Pode ser que você não perceba mas muito mais que ingerir alimentos, aquilo que alimenta também é capaz de causar emoções, promover aprendizado social, despertar memórias e pertencimentos.
Os hábitos alimentares são condutores emocionais, a comida e o ato de comer são centrais no aprendizado social por serem atividades vitais e essenciais, embora seja parte da nossa rotina e passe desapercebido. As atitudes em relação à comida são aprendidas desde cedo e é sempre uma experiência capaz de marcar nossa vivência mesmo que nós não sejamos capazes de lembrar cada detalhe. Esse comportamento alimentar é nutrido pelos adultos afetivamente e conferem um poder sentimental duradouro ao hábito de comer. Dessa forma, o lugar onde crescemos e as pessoas com quem convivemos vão aos poucos construindo um material cultural. Esse material dá forma ao nosso comportamento alimentar que se liga diretamente ao sentido de nós mesmos e à nossa identidade social. A maneira como nos alimentamos revela constantemente a cultura na qual estamos inseridos.
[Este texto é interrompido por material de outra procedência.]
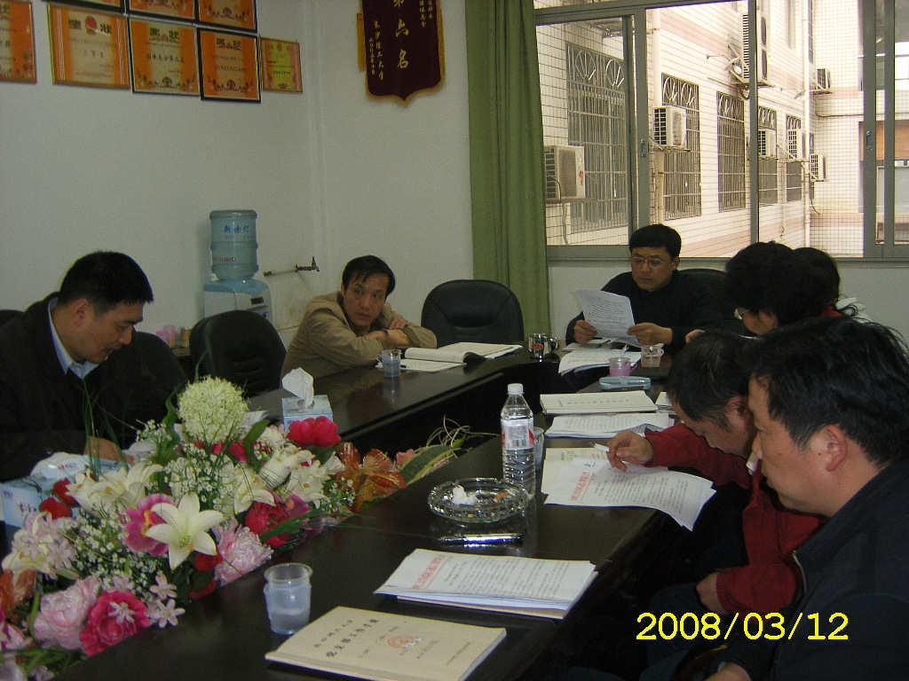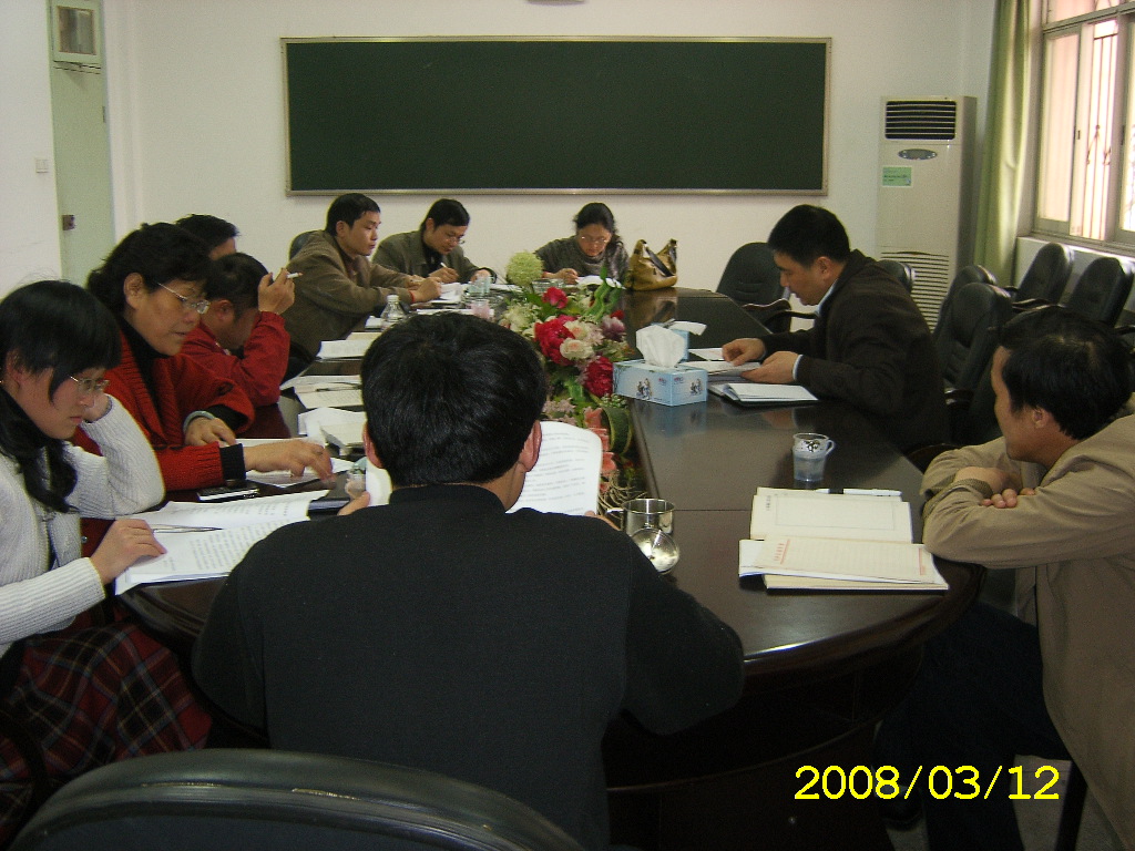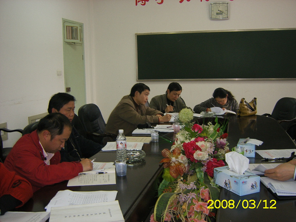 3月12日下午3点,在学院会议室,院党总支罗可书记召集各党支部书记召开会议,会上罗书记布置了本学期学院党建重点工作;组织学习了校党宣[2008]1、2、3号文件、党组[2008]4号文件以及胡锦涛总书记在十七大等会上的讲话精神。书记们还就教工入党积极分子的情况以及如何做好本学期党建工作等进行了讨论。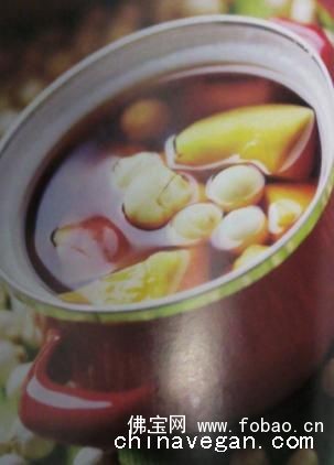 3、 莲子、番茄沙司,放入清水中煮沸,转文火煲30分钟;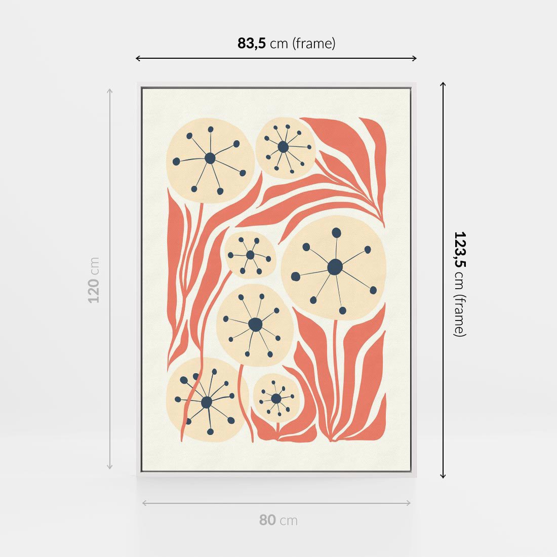 Ta sztuka przenosi nas w abstrakcyjny świat kwiatów i dmuchawców, zanurzając się w delikatnych pastelowych kolorach. Kompozycja tworzy magiczną podróż przez naturę, pełną piękna i harmonii.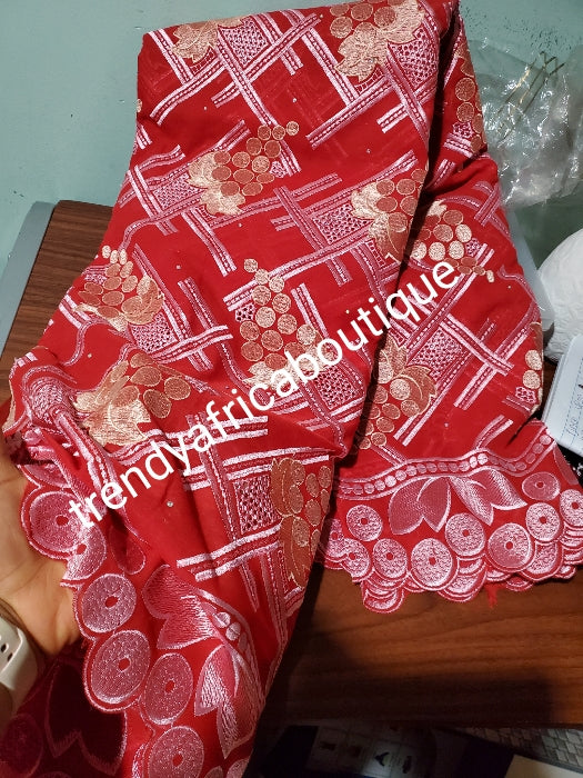 • Special Offer: Exclusive swiss embroidery lace fabric with stones. Sweet Red. Soft texture. Sold per 5yds and price is for 5 yards. Original swiss voile Lace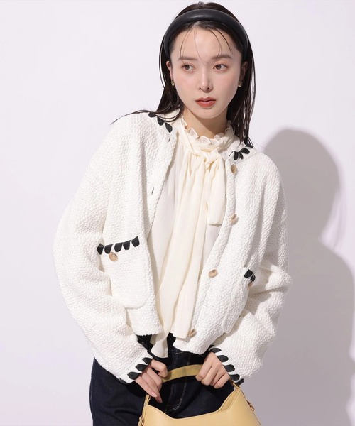 ほどよい存在感を放つブークレ素材で仕立てた、コーデの主役になるニットジャケット。 縁に施された配色ディテールが上品なアクセントになり、羽織るだけでクラシックなムードを演出します。 デニムやスカート、ワンピースまで幅広く合わせやすく、きれいめにもカジュアルにも着回せる万能アウター。 軽やかな着心地で、季節の変わり目にも重宝する一枚です。 【ご注意】 ※撮影照明の関係により、実際の商品と色味が異なって見える場合がございます。 また、パソコン・スマートフォンなどの環境により、製品と画像のカラーが異なる場合もございます。 予めご了承ください。 ※商品画像はサンプルのため、色味やサイズ等の仕様に変更がある場合がございますので、予めご了承ください。

Ao longo da vida os hábitos alimentares podem mudar completamente, e essa mudança revela as várias importâncias do comer. Nosso comportamento em relação à alimentação pode ser ao mesmo tempo nosso hábito mais flexível possível e o mais arraigado de todos os costumes. As mudanças no gosto e nas preferências de cada pessoa, a memória e o peso do primeiro aprendizado alimentar, e algumas das formas sociais aprendidas, talvez permaneçam para sempre em nossa consciência.
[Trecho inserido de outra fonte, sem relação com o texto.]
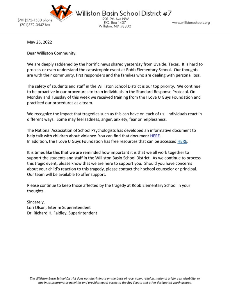 The Williston Basin School District and the Superintendent expect that all concerns be treated with respect. Parents/guardians are often discouraged when they attempt to communicate with central office administrators and school board members and are sent back to building-based officials in order to resolve a problem their child may be experiencing in school.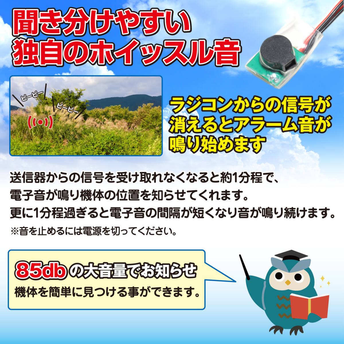 紛失防止、ラジコン用機体発見ブザー(5個セット)。操縦を誤り、草原や茂み等に墜落させてしまい中々機体を見つけられなかった時に電子ブザーが鳴り機体発見の手助けをしてくれます。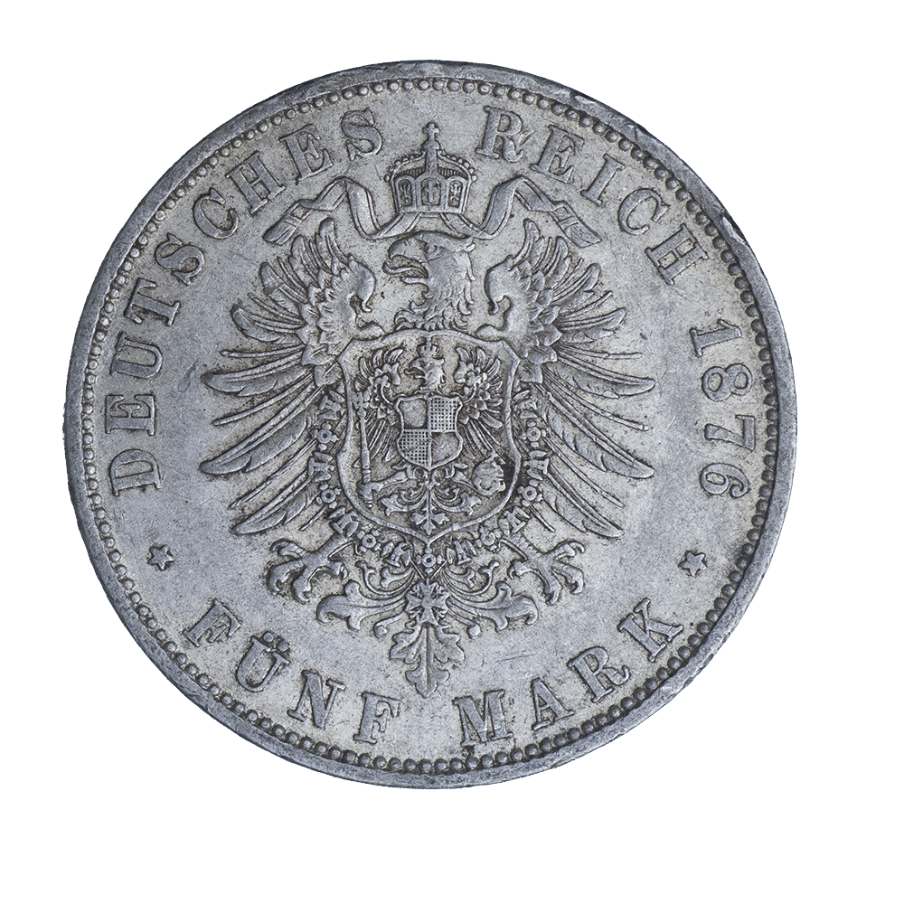 PRIX ET VALEUR DU PIÈCE DE MONNAIE : ALLEMAGNE-ROYAUME DE PRUSSE GUILLAUME IER 5 MARK 1876 FRANCFORT-SUR-LE-MAIN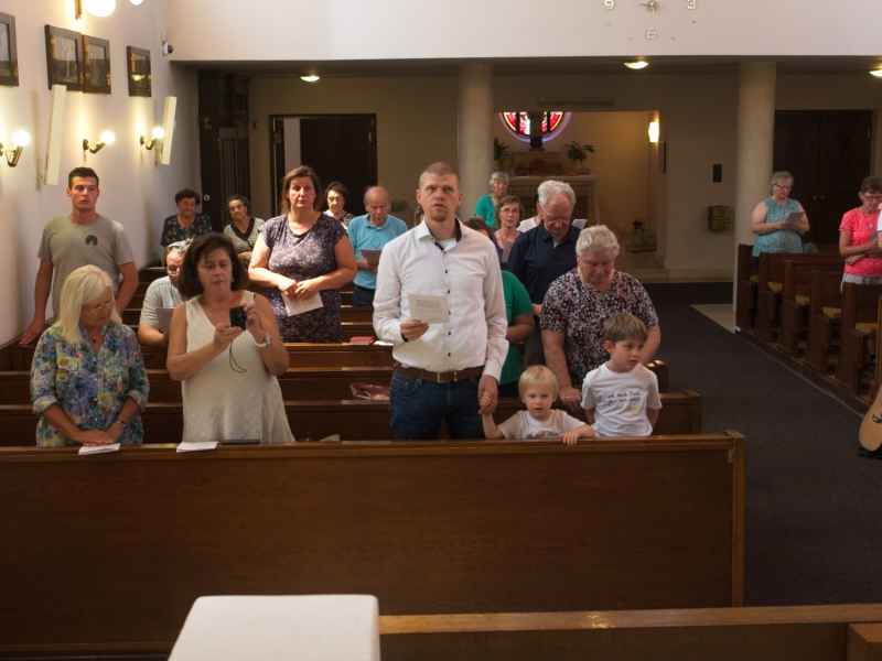 Po mši svaté se všichni společně setkali na občerstvení a přátelském popovídání si v klášterním sálu redemptoristů.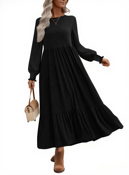 UVN Fall Long Dress for Women Crewneck Casual Long Sleeve Pleated Dresses with Pockets

Estudos atribuem ao olfato e paladar o poder de relembrar o passado. Em busca de um tempo que já passou dedicamos à comida o resgate de algumas memórias da infância, por exemplo. Essa experiência marca nossas vidas de maneira resistente, pois ela é capaz de nos trazer impulso para nos conectarmos com aspectos da nossa personalidade que estavam no fundo da nossa memória.
Ao trazer essas experiências para o contexto da divulgação de informações sobre alimentação e da Educação Alimentar e Nutricional, devemos nos lembrar que as experiências se repetem permanentemente, em diferentes cenários culturais. Esse adulto, responsável por transmitir uma cultura comestível, pode ser representado por diversas pessoas dentro da sociedade, como a família (pai, mãe, avós e tias); merendeiras; cozinheiros; e nutricionistas.
No ponto de encontro entre os temas de alimentação e educação, as ideias do sociólogo Carlo Petrini, fundador da associação Slow Food, sustenta que o aprendizado deve ser saboroso e com corpo inteiro, não apenas com o intelecto. No documento Manifesto pela Educação (SLOW FOOD, 2010), vamos destacar alguns princípios sobre experiência do comer, e que pode servir de inspiração para colocar em prática o sabor do conhecimento pela comida.
Para o Slow Food, a educação “é um caminho íntimo, que envolve a dimensão cognitiva, experiencial, afetiva e emocional; alimenta-se do contexto no qual se encontra, valorizando memória, saberes e culturas locais; desenvolve a consciência de si mesmo, do próprio papel e das próprias ações; e promove mudanças, gerando pensamentos e comportamentos novos e mais responsáveis”. O educador Paulo Freire também sugere que não se deve separar o cognitivo do emocional no aprendizado: “estudamos, aprendemos, ensinamos e conhecemos (…) com o nosso corpo inteiro. Com os sentimentos, com as emoções, com os desejos, com os medos, com as dúvidas, com a paixão e com a razão. Colocados todos esses pontos numa mesma mesa, por assim dizer podemos concluir que a centralidade da alimentação para cada um de nós e a sociedade está ligada aos sentimentos que nos alimentam e são capazes de acessar a realidade e, por vezes, transformá-la.